Is it okay to skip charity work if we’re busy? Here’s how to help when it seems like there just aren’t enough hours in the day.
In a recent talk on helping the needy, Pope Francis said that true Christian charity stems from giving our time, not simply making charitable donations. This might come as, well, an added bit of pressure for women who are already juggling families and jobs, and it might be tempting to push that piece of papal advice out of our minds, at least for now.
But Pastor Laura Patrick of the Rock Church in Queens, New York says that with a little planning, even frazzled mothers and women with demanding jobs can make time for volunteering. It’s about making service to others a priority.
Pastor Laura herself tends to spend about 12 hours a day at her church as she preaches, takes care of administrative duties, coordinates donations, teaches classes, and assists with a variety of events from dinners to theater productions. But she’s hesitant to admit the breadth and depth of her service because she’s so in awe of the other women in her congregation.
Prioritizing the to-do list
“Being a mom doesn’t slow the women here down from volunteering,” she says. “I have women who come here every single day. They will bundle their kids up, even in the wintertime, and put them on the bus or subway. They’re some of the first ones here in the morning and some of the last ones to leave at night.”
Pastor Laura cites one woman, who was a doctor in her home country of the Philippines, as an example of someone who puts her heart into action, despite competing items on her to-do list:
“Right now she’s working in a doctor’s office as she studies for the exams she needs to take to get her [American] certifications,” she says. “She’s also working on applying for her residency, which she should be doing next year. On top of that, she helps with our Filipino service and volunteering however else she can, even if she’s coordinating things over email. She stops by the church every day, sometimes just to drop by for half an hour, an hour, but she’s here.”

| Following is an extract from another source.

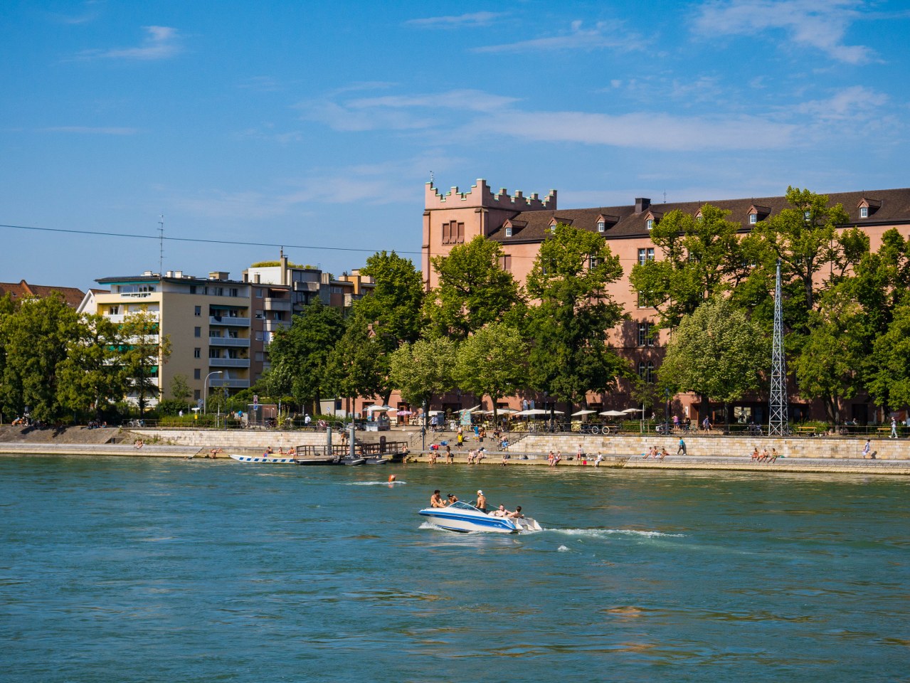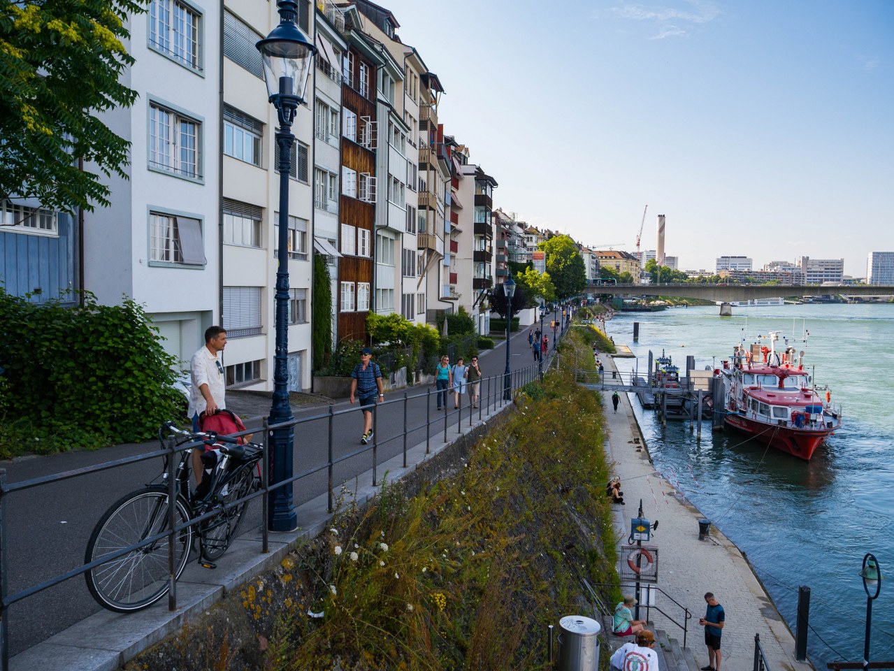 Po takim łazęgowaniu przyszła pora na krótki odpoczynek nad Renem, Słońce było już w takim miejscu, że wysokie budynki na lewym brzegu kładły cień na nadrzeczną promenadę i w spokoju można było odetchnąć. Popijając zimne pszeniczne piwo. Mając dłuższą chwilę warto lustrować taflę rzeki szukając śmiałków, którzy wyposażeni tylko w specjalną torbę Wickelfisch pokonują rzekę w sposób taki jaki pewnie sami byśmy chcieli, ale się boimy: wpław.

Combining charity, sociability, and family
While such dedication is admirable, the question you may have on your mind is, how can I be a more avid and available volunteer?
“It comes down to dedication and personal conviction,” says Pastor Laura. “There’s always time because there’s always something you can cut back on.”
For many women, she believes one of the things you skim time from is social time outside of volunteering.
“Cut back on social-type activities that don’t serve others, like going to restaurants and the movies,” she says. “Nobody wants to be alone, so many people use these activities as opportunities to get together with other people, but you can do the same thing through service. In volunteering, we can find joy and pleasure on a whole other level, knowing that we brightened somebody’s day.”
She suggests going to dinner with an older mom who may not see her kids very often, going with a group of friends to visit seniors at retirement homes to keep them company, or buying groceries for a family that needs the help but would never ask for it.
“You can do these things anonymously,” says Pastor Laura. “You’re not always going to get a thank you but you don’t need a thank you.”
You can also take your children along to kid-friendly places, such as your church, that need an extra hand. Just be sure your little ones have games or books to keep them entertained, or find a volunteer activity you can do together.
“Volunteering is such a good life lesson for your kids to learn,” she says. “It’s important for them to learn when they’re young because it’s going to be harder when they’re older, but they’ll see how much fulfillment it gives them.”
And how much fulfillment it gives you, too.